自分よりも白くてふわふわした人を初めて見たのだ。しかも、どうやら羊人ではない。


あの人はどんな種族なのだろう?

どんな仕事をしているのだろう?

どこで育って、何を食べて、何を考えて過ごしているのだろう?


その毛の美しさは一瞬にしてメエユーシュカの心を、知りたいという欲求でいっぱいにした。

どうしてそれほどまでに心を奪われたのか。毛を売り物にする羊人としての探究心が最も大きい。美しい毛を育てるための努力を惜しむ羊人はいない。

興味を惹かれた理由は他にもある。その人はどうやら列石都市周辺の居住区に住んでいるわけではない、旅人の風体をしていた。かと言って、自分のような行商というわけではない。

その人が向かっているのは、列石と文彫館のある方向のようだった。


メエユーシュカは空腹も忘れて、その人を追いかけて、声を掛けた。


「もし、そこの方。急ぎの道行きでしょうか」


行商の者が道すがら人々に声を掛けることは珍しくはなかった。

高級品を扱う羊人にしては、少しばかり似つかわしくない行動でもあったが、メエユーシュカにそれを気にする余裕はなかった。
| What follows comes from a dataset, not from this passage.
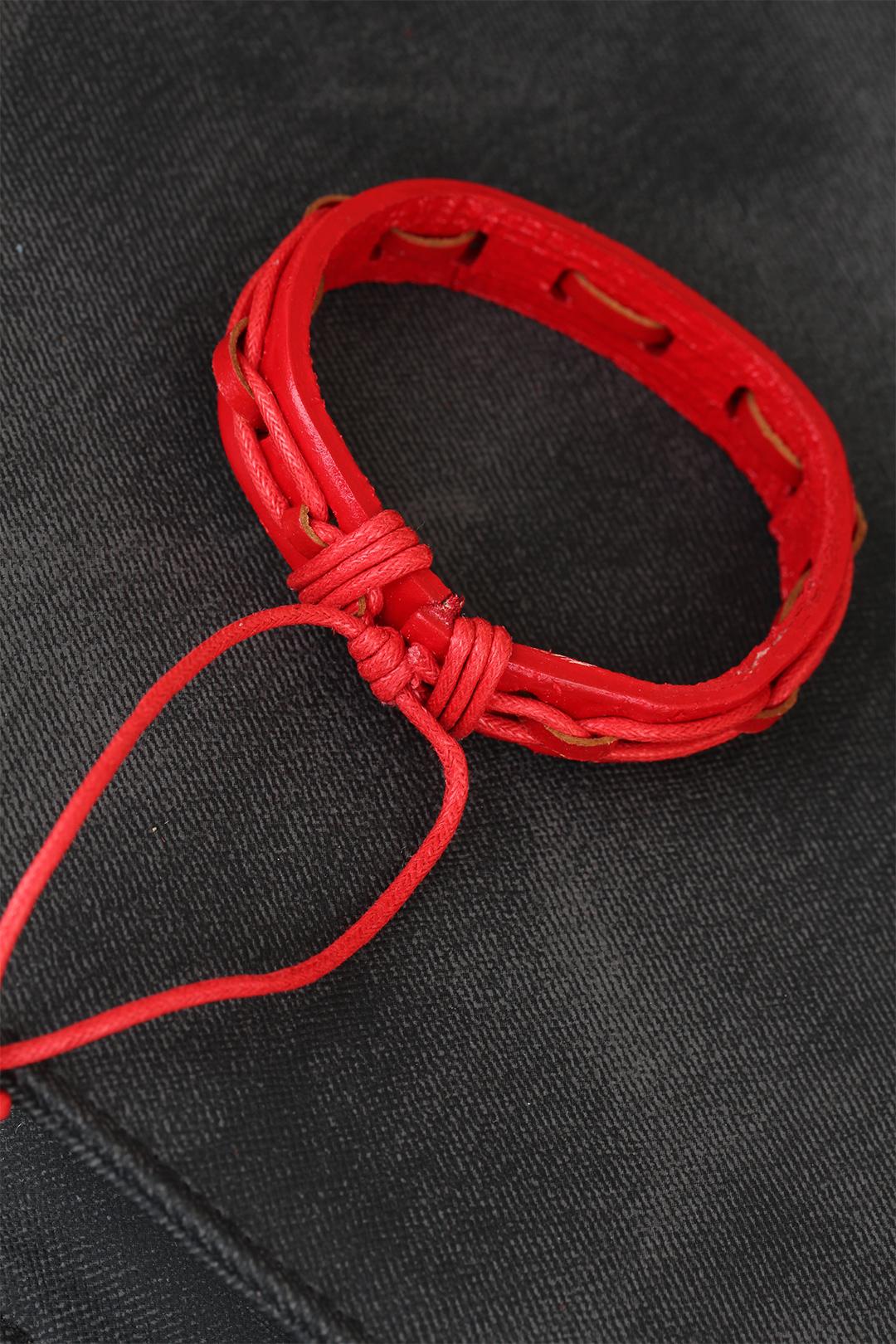 Kırmızı Renk Ayarlamalı İpli Deri Erkek Bileklik

「行商の方ですか? 銭は持ち合わせがないので、買うことはできません」


その人は細い、しかし芯のある声で応えた。


「いいえ、私はあなたに品を売りたいわけではないのです」

「では、何でしょうか」

「見ての通り私は羊人で、毛で商売をしています。あなたは見たところ羊人ではありませんが、とても美しい毛をしていたので……」


見る人が見ていれば、それは『なんぱ』と称されたであろう行為だった。


「もしあなたが毛の商売をしているのでなければ、どういった食事や手入れをしているのか、教えていただきたいのです。手入れの参考にしたいのです!」


ふわふわした人はメエユーシュカの語気に驚いた様子でいたが、羊人が自分の毛を非常に大切にするのは有名な話である。やがて納得した様子で言った。


「わたしの用事を手伝っていただければ、毛の手入れの話をしてもいいですよ」

「手伝います!」


その人は羊人は本当に自分の毛が大切なんですね、と笑って、ついてくるよう促した。

行き先は列石群と文彫館のある方角である。


ふわふわした人は兎人のエレアノールと名乗った。

兎人。確かに兎人は柔らかい毛の種族である。しかし、毛が長く伸びる者を見るのは、メエユーシュカにとっては初めてのことだ。


「なるほど。兎人にも長い毛の一族がいるのですね」

「里でも数は多くはありません。一族の中には、街の職人と協力して、毛を売って生活する者もいますけれど、わたしは野菜を育てて生活しています」


エレアノールは穏やかな里に棲む農民のようであった。それでいて、言葉の端々に知性がある。


「なぜ列石都市へ?」

「里の者に相次いで病がありました」

「おや、それは……」

「流行り病であれば大変だと騒ぎになりました。けれど、兎人以外の里の人々にはそういった病は見られませんでした。兎人だけが倒れるのです……」


列石都市からは歩いて二日ほどだというエレアノールの里は、複数の種族が集まって、協力して畑と商業を拓いているらしい。

高い山の、羊人ばかりの里で育ったメエユーシュカの目線から見れば、この世界においては比較的都会の部類だ。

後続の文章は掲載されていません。